Exactly the lines from the beginning of the records to the line with "DeFacto Relax Fit Ceket Suni Deri Ceket Mont", both ends included, are to be given again, and pictures are to be left out.

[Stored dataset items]
□ □ □ □

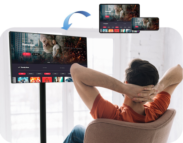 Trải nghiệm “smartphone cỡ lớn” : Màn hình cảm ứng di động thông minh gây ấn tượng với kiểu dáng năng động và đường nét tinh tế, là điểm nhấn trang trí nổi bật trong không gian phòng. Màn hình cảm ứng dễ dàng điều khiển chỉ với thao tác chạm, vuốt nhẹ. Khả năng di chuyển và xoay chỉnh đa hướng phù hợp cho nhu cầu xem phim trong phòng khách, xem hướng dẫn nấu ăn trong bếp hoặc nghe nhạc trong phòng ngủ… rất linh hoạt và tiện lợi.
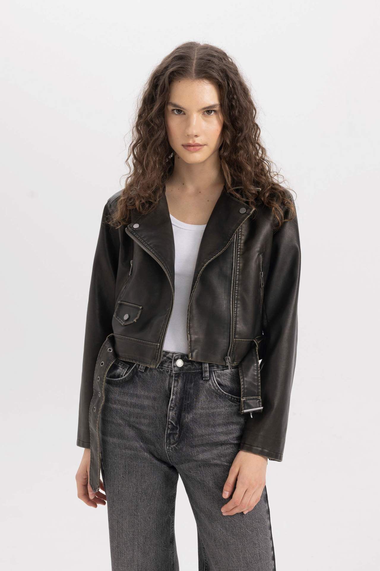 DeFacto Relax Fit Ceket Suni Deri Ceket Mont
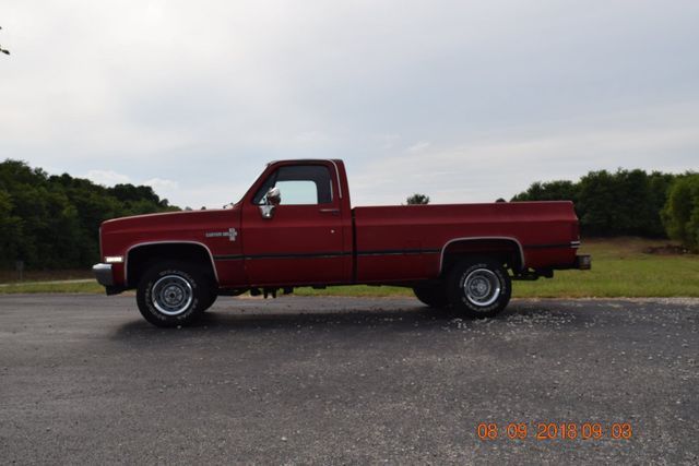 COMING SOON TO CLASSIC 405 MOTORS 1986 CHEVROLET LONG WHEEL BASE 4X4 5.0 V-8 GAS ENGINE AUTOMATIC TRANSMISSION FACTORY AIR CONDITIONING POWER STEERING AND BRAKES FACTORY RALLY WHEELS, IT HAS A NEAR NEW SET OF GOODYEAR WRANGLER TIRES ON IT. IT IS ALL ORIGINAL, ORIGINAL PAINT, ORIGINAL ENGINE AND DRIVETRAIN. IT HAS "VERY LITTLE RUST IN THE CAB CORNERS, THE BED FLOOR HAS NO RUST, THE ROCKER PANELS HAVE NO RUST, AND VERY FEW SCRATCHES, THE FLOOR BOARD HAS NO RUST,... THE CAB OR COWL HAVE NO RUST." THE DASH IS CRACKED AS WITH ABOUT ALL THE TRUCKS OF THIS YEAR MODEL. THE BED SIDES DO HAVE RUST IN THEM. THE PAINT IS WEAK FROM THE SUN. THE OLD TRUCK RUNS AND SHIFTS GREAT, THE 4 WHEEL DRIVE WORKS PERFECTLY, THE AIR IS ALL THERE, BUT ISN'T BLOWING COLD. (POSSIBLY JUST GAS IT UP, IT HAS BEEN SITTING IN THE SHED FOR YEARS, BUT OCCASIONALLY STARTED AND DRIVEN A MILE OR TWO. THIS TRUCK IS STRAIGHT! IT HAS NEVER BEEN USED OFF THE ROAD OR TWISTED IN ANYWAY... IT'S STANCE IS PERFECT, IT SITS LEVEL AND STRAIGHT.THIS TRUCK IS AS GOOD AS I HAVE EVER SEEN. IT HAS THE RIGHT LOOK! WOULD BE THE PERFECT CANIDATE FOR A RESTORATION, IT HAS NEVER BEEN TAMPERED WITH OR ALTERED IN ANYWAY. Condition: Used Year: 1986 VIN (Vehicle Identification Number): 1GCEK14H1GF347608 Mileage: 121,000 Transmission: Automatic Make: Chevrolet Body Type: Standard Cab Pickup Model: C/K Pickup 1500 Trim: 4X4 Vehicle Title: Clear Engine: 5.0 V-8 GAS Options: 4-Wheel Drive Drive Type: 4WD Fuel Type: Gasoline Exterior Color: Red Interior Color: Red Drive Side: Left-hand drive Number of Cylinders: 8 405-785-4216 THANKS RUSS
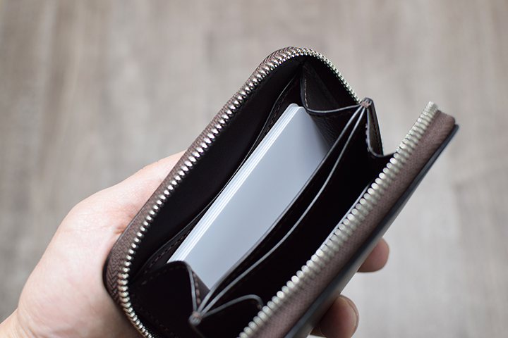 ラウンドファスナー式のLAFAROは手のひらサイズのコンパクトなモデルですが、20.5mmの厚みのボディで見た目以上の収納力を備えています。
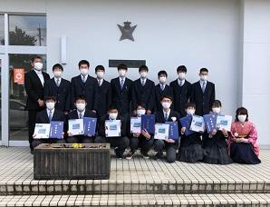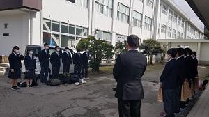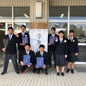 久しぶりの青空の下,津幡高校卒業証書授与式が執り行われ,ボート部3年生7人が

□ □ □ □

- **EXERCISE SOLUTION**:
 Trải nghiệm “smartphone cỡ lớn” : Màn hình cảm ứng di động thông minh gây ấn tượng với kiểu dáng năng động và đường nét tinh tế, là điểm nhấn trang trí nổi bật trong không gian phòng. Màn hình cảm ứng dễ dàng điều khiển chỉ với thao tác chạm, vuốt nhẹ. Khả năng di chuyển và xoay chỉnh đa hướng phù hợp cho nhu cầu xem phim trong phòng khách, xem hướng dẫn nấu ăn trong bếp hoặc nghe nhạc trong phòng ngủ… rất linh hoạt và tiện lợi.
 DeFacto Relax Fit Ceket Suni Deri Ceket Mont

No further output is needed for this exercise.